[Stored items]

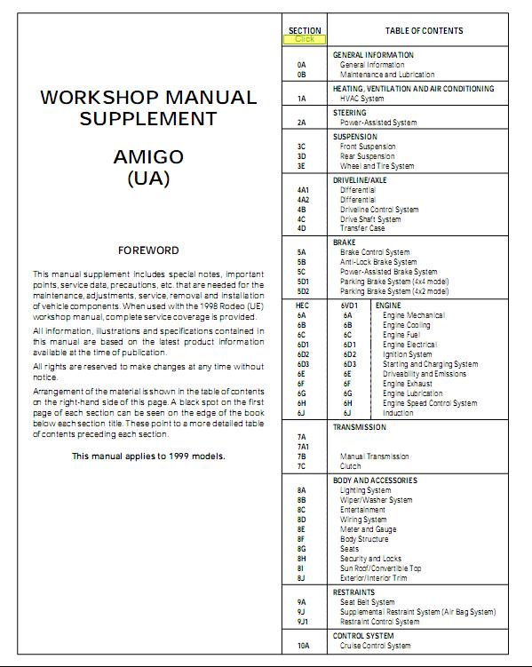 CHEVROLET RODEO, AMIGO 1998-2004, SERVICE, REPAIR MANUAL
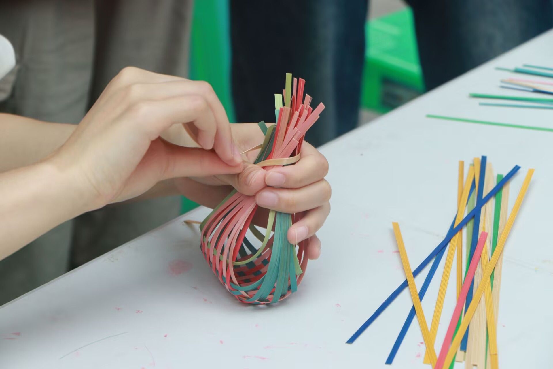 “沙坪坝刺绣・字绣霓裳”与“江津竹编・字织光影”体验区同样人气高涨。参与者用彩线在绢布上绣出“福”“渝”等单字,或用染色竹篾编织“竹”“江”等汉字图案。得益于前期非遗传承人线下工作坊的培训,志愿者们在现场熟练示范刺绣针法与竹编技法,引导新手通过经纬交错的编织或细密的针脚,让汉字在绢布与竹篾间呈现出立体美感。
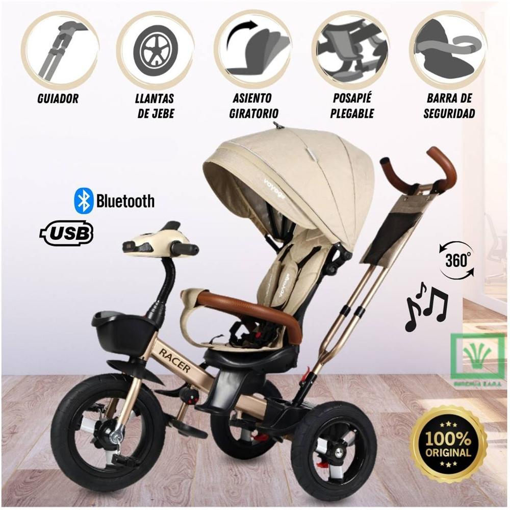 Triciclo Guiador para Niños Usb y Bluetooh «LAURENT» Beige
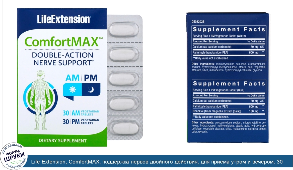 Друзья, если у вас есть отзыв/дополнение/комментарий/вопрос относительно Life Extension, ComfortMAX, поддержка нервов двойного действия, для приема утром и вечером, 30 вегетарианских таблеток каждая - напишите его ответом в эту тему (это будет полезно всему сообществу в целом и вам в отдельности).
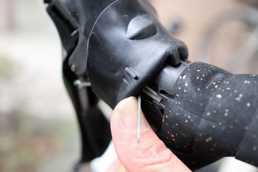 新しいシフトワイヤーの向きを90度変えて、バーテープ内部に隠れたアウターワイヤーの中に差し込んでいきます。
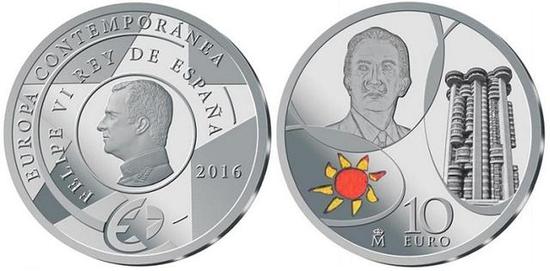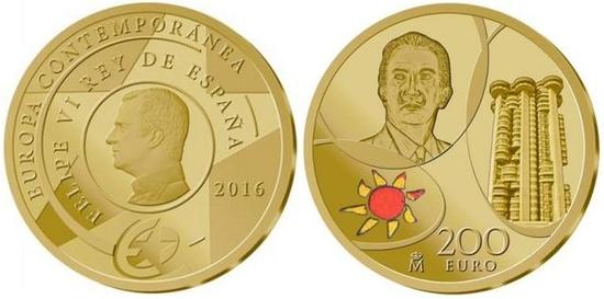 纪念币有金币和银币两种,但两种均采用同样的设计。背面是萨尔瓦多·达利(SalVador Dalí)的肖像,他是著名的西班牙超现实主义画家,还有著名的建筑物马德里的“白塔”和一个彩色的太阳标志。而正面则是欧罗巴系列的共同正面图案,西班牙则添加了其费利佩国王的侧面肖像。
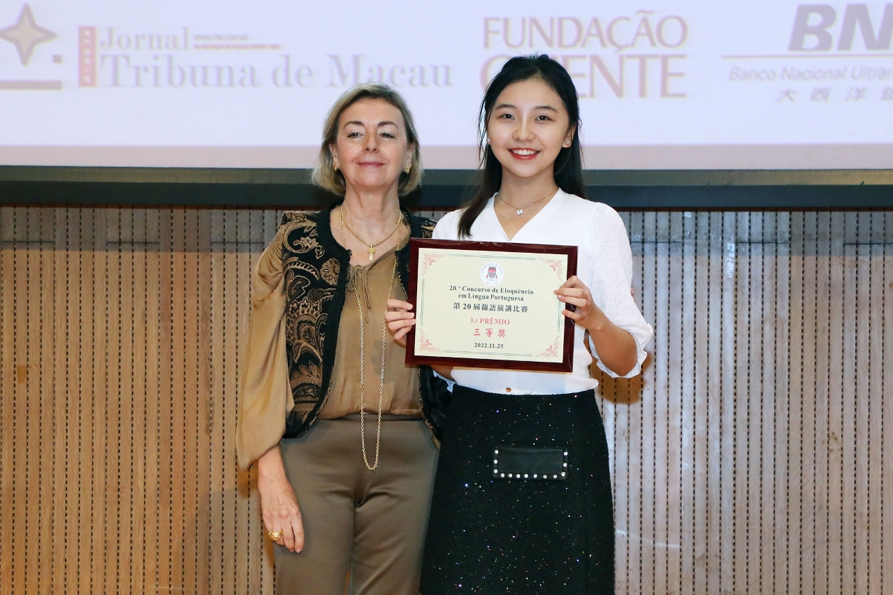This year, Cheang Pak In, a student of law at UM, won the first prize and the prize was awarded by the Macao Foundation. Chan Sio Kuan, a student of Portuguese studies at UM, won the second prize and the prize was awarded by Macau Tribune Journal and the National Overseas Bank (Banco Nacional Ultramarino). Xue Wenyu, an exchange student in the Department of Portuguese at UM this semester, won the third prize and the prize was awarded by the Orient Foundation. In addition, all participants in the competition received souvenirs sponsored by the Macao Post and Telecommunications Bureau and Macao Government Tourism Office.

Required work. Your copy should match the entries above exactly and contain no pictures.

Solution.
 CHEVROLET RODEO, AMIGO 1998-2004, SERVICE, REPAIR MANUAL
 “沙坪坝刺绣・字绣霓裳”与“江津竹编・字织光影”体验区同样人气高涨。参与者用彩线在绢布上绣出“福”“渝”等单字,或用染色竹篾编织“竹”“江”等汉字图案。得益于前期非遗传承人线下工作坊的培训,志愿者们在现场熟练示范刺绣针法与竹编技法,引导新手通过经纬交错的编织或细密的针脚,让汉字在绢布与竹篾间呈现出立体美感。
 Triciclo Guiador para Niños Usb y Bluetooh «LAURENT» Beige
 Друзья, если у вас есть отзыв/дополнение/комментарий/вопрос относительно Life Extension, ComfortMAX, поддержка нервов двойного действия, для приема утром и вечером, 30 вегетарианских таблеток каждая - напишите его ответом в эту тему (это будет полезно всему сообществу в целом и вам в отдельности).
 新しいシフトワイヤーの向きを90度変えて、バーテープ内部に隠れたアウターワイヤーの中に差し込んでいきます。
 纪念币有金币和银币两种,但两种均采用同样的设计。背面是萨尔瓦多·达利(SalVador Dalí)的肖像,他是著名的西班牙超现实主义画家,还有著名的建筑物马德里的“白塔”和一个彩色的太阳标志。而正面则是欧罗巴系列的共同正面图案,西班牙则添加了其费利佩国王的侧面肖像。
This year, Cheang Pak In, a student of law at UM, won the first prize and the prize was awarded by the Macao Foundation. Chan Sio Kuan, a student of Portuguese studies at UM, won the second prize and the prize was awarded by Macau Tribune Journal and the National Overseas Bank (Banco Nacional Ultramarino). Xue Wenyu, an exchange student in the Department of Portuguese at UM this semester, won the third prize and the prize was awarded by the Orient Foundation. In addition, all participants in the competition received souvenirs sponsored by the Macao Post and Telecommunications Bureau and Macao Government Tourism Office.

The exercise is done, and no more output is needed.